StandardTrainersCatalog.NaiveBayes Metoda
Definicja
Ważne
Niektóre informacje odnoszą się do produktu w wersji wstępnej, który może zostać znacząco zmodyfikowany przed wydaniem. Firma Microsoft nie udziela żadnych gwarancji, jawnych lub domniemanych, w odniesieniu do informacji podanych w tym miejscu.
Utwórz obiekt NaiveBayesMulticlassTrainer, który przewiduje obiekt docelowy wieloklasowy przy użyciu prostego modelu Bayesa, który obsługuje wartości funkcji binarnych.
public static Microsoft.ML.Trainers.NaiveBayesMulticlassTrainer NaiveBayes (this Microsoft.ML.MulticlassClassificationCatalog.MulticlassClassificationTrainers catalog, string labelColumnName = "Label", string featureColumnName = "Features");
static member NaiveBayes : Microsoft.ML.MulticlassClassificationCatalog.MulticlassClassificationTrainers * string * string -> Microsoft.ML.Trainers.NaiveBayesMulticlassTrainer
<Extension()>
Public Function NaiveBayes (catalog As MulticlassClassificationCatalog.MulticlassClassificationTrainers, Optional labelColumnName As String = "Label", Optional featureColumnName As String = "Features") As NaiveBayesMulticlassTrainer
Parametry
- labelColumnName
- String
Nazwa kolumny etykiety.
- featureColumnName
- String
Nazwa kolumny funkcji.
Zwraca
Przykłady
using System;
using System.Collections.Generic;
using System.Linq;
using Microsoft.ML;
using Microsoft.ML.Data;
namespace Samples.Dynamic.Trainers.MulticlassClassification
{
public static class NaiveBayes
{
// Naive Bayes classifier is based on Bayes' theorem.
// It assumes independence among the presence of features in a class even
// though they may be dependent on each other. It is a multi-class trainer
// that accepts binary feature values of type float, i.e., feature values
// are either true or false. Specifically a feature value greater than zero
// is treated as true, zero or less is treated as false.
public static void Example()
{
// Create a new context for ML.NET operations. It can be used for
// exception tracking and logging, as a catalog of available operations
// and as the source of randomness.
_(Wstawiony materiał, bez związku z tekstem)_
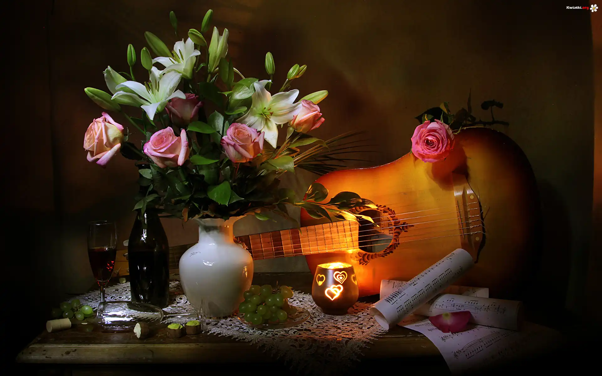 Kwiaty, Róże, Lilie, Świeca, Wino, Winogrona, Nuty, Wazon, Bukiet, Gitara, Butelka, Kieliszek, Kompozycja - Zdjęcia |

Setting the seed to a fixed number
// in this example to make outputs deterministic.
var mlContext = new MLContext(seed: 0);
// Create a list of training data points.
var dataPoints = GenerateRandomDataPoints(1000);
// Convert the list of data points to an IDataView object, which is
// consumable by ML.NET API.
var trainingData = mlContext.Data.LoadFromEnumerable(dataPoints);
// Define the trainer.
var pipeline =
// Convert the string labels into key types.
mlContext.Transforms.Conversion
.MapValueToKey(nameof(DataPoint.Label))
// Apply NaiveBayes multiclass trainer.
.Append(mlContext.MulticlassClassification.Trainers
.NaiveBayes());
// Train the model.
var model = pipeline.Fit(trainingData);
// Create testing data. Use different random seed to make it different
// from training data.
var testData = mlContext.Data
.LoadFromEnumerable(GenerateRandomDataPoints(500, seed: 123));
// Run the model on test data set.
var transformedTestData = model.Transform(testData);
// Convert IDataView object to a list.
var predictions = mlContext.Data
.CreateEnumerable<Prediction>(transformedTestData,
reuseRowObject: false).ToList();
// Look at 5 predictions
foreach (var p in predictions.Take(5))
Console.WriteLine($"Label: {p.Label}, " +
$"Prediction: {p.PredictedLabel}");
// Expected output:
// Label: 1, Prediction: 1
// Label: 2, Prediction: 2
// Label: 3, Prediction: 3
// Label: 2, Prediction: 2
// Label: 3, Prediction: 3
// Evaluate the overall metrics
var metrics = mlContext.MulticlassClassification
.Evaluate(transformedTestData);
PrintMetrics(metrics);
// Expected output:
// Micro Accuracy: 0.88
// Macro Accuracy: 0.88
// Log Loss: 34.54
// Log Loss Reduction: -30.47
// Confusion table
// ||========================
// PREDICTED || 0 | 1 | 2 | Recall
// TRUTH ||========================
// 0 || 160 | 0 | 0 | 1.0000
// 1 || 0 | 145 | 32 | 0.8192
// 2 || 9 | 21 | 133 | 0.8160
// ||========================
// Precision ||0.9467 |0.8735 |0.8061 |
}
// Generates random uniform doubles in [-0.5, 0.5) range with labels
// 1, 2 or 3. For NaiveBayes values greater than zero are treated as true,
// zero or less are treated as false.
private static IEnumerable<DataPoint> GenerateRandomDataPoints(int count,
int seed = 0)
{
var random = new Random(seed);
float randomFloat() => (float)(random.NextDouble() - 0.5);
for (int i = 0; i < count; i++)
{
// Generate Labels that are integers 1, 2 or 3
var label = random.Next(1, 4);
yield return new DataPoint
{
Label = (uint)label,
// Create random features that are correlated with the label.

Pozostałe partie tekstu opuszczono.